Pavol Steiner, also Pavel Steiner and Paul Steiner (29 March 1908 in Bratislava – 4 June 1969 in Martin, Žilina) was a Czechoslovak Olympic water polo player and swimmer. He was also a cardiology surgeon. Steiner competed in the 1928 Summer Olympics in water polo, won a bronze medal at the 1931 European Aquatics Championships in swimming, and won five swimming gold medals and one water polo gold medal combined at the 1932 Maccabiah Games and 1935 Maccabiah Games in Mandatory Palestine.

Water polo and swimming career

Steiner was Jewish, and was a member of Jewish sport clubs in interwar Czechoslovakia.

He competed at 19 years of age with the Czechoslovakia men's national water polo team in the 1927 European Water Polo Championship in Bologna, Italy, in which they came in 7th.
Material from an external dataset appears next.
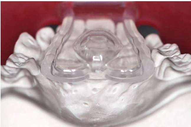
Abb. 2 Schnuller am Modell: passive Lage des neuartigen Schnullers im Mund

Eine kariesaktive Patientin stellte sich im Alter von vier Jahren und zwei Monaten mit offenem Biss in der Schulzahnklinik Basel vor. Sie benutzte noch immer die Baby Bottle (in der Nacht, aber auch zum Trösten), zeigte sehr viel Plaque, und der Schnuller (Nuggi) war ihr vor Kurzem abgewöhnt worden. Morphologisch und funktionell zeigte sie einen ausgeprägten offenen Biss von 7 mm mit Mundatmung (die Milchmolaren hatten okklusalen Kontakt, Zahn 75 fehlte) und ein persistierendes infantiles Schluckmuster (Zungenstoss) während des Schluckens (Abb. 4). Therapeutisch wurde nicht nur das Zähneputzen intensiviert, sondern auch die Baby Bottle in der Nacht gegen den Curaprox-Schnuller (Curaden, Dietikon, Schweiz, Grösse 2) ausgetauscht (Abb. 5). Eine weitere funktionelle Therapie erfolgte nicht. Im Recall zeigte sich nach sechs Wochen eine Reduktion des offenen Bisses auf 5 mm (Abb. 6), nach fünf Monaten auf 2 mm (Abb. 7) und nach neun Monaten war der Überbiss regulär und die Mundhygiene hatte sich deutlich verbessert (Abb. 8). Auch das Schluckmuster hat sich vom viszeralen zum adulten Schlucken verändert (Abb. 9). Die Akzeptanz gegenüber dem neuen Schnuller bei Eltern und Kind war während der gesamten Behandlungszeit gegeben. Die Umstellung von der Baby Bottle auf den Schnuller erfolgte problemlos. Das Abge-

Steiner competed in the 1928 Summer Olympics in Amsterdam, the Netherlands, coming in 9th with the Czechoslovakia men's national water polo team in  water polo at the Games. 

He also competed in swimming, and won a bronze medal at the 1931 European Aquatics Championships in Paris in the 100 m freestyle with the Czechoslovakia men's national swimming team. 

Steiner competed in swimming at the 1932 Maccabiah Games in Mandatory Palestine, the first Maccabiah Games, and won three gold medals. He won the 100m freestyle (breaking the record from Czechoslovakia), the 3x100m medley relay, and the 4x200m medley relay.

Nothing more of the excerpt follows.